Larry Summers goes on leave at Harvard as university investigates ties to Epstein

Former Harvard University president Larry Summers will step back from teaching amid a university investigation into his ties with convicted sex offender Jeffrey Epstein, multiple news outlets reported Wednesday.

“Mr. Summers has decided it’s in the best interest of the Center for him to go on leave from his role as Director as Harvard undertakes its review,” a spokesperson for Summers told The Boston Globe. Summers will also step aside from serving as director of the Kennedy School’s Mossavar-Rahmani Center for Business and Government.

The Hill has reached out to Summers and Harvard for comment.

Summers had previously announced, through a spokesperson, that he would leave his teaching role and not finish working through the rest of the semester, The Harvard Crimson, Harvard’s campus newspaper, reported Wednesday.

“His co-teachers will complete the remaining three class sessions of the courses he has been teaching with them this semester, and he is not scheduled to teach next semester,” a spokesperson told the Crimson.

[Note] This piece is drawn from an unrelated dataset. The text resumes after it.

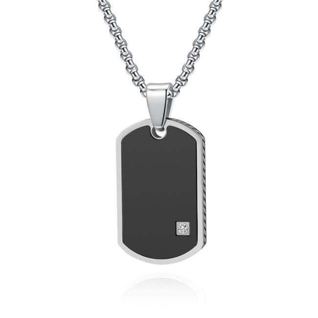 Men’s Stainless Steel Two Tone Dog Tag pendant in IP Black/Gold and Steel colors with a white CZ 5A

Summers is not resigning from his posts at Harvard and has told the university about his decision to step back from both roles, the Globe reported.

Summers, who served as former President Clinton’s treasury secretary and as an economic adviser to former President Obama, resigned from his role on the OpenAI board, the board previously told The Hill.

“We appreciate his many contributions and the perspective he brought to the Board,” the board said in a statement.

The resignation and stepping back at Harvard come after Summers’s name appeared in several email exchanges with Epstein released by the House Oversight and Government Reform Committee last week. The exchanges took place after Epstein pleaded guilty in 2008 to soliciting minors for prostitution and soliciting a prostitute. He served 13 months in prison. 

One of his messages to Epstein in March 2019 about his interaction with a girl reads, “I said what are you up to. She said ‘I’m busy’. I said awfully coy u are.”

On Monday, Summers said he was “stepping back from public commitments” after the emails were made public.

“I am deeply ashamed of my actions and recognize the pain they have caused. I take full responsibility for my misguided decision to continue communicating with Mr. Epstein,” Summers said in a statement previously obtained by NewsNation, The Hill’s sister company.

At the time, Summers said would continue “to fulfill my teaching obligations” at Harvard.

The New York Times also decided not to extend his contract as a contributing writer for its opinion section over the fallout, along with his departure as a distinguished senior fellow at the Center for American Progress and as an adviser for the Budget Lab at Yale, according to The Guardian

On Wednesday, President Trump signed the Epstein Files Transparency Act, which directs the Department of Justice (DOJ) to release all unclassified records and documents connected to Epstein.

Attorney General Pam Bondi now has 30 days to “make publicly available in a searchable and downloadable format all unclassified records, documents, communications, and investigative materials in the possession of the Department of Justice, including the Federal Bureau of Investigation and United States Attorneys’ Offices, that relate to Epstein,” the new law states.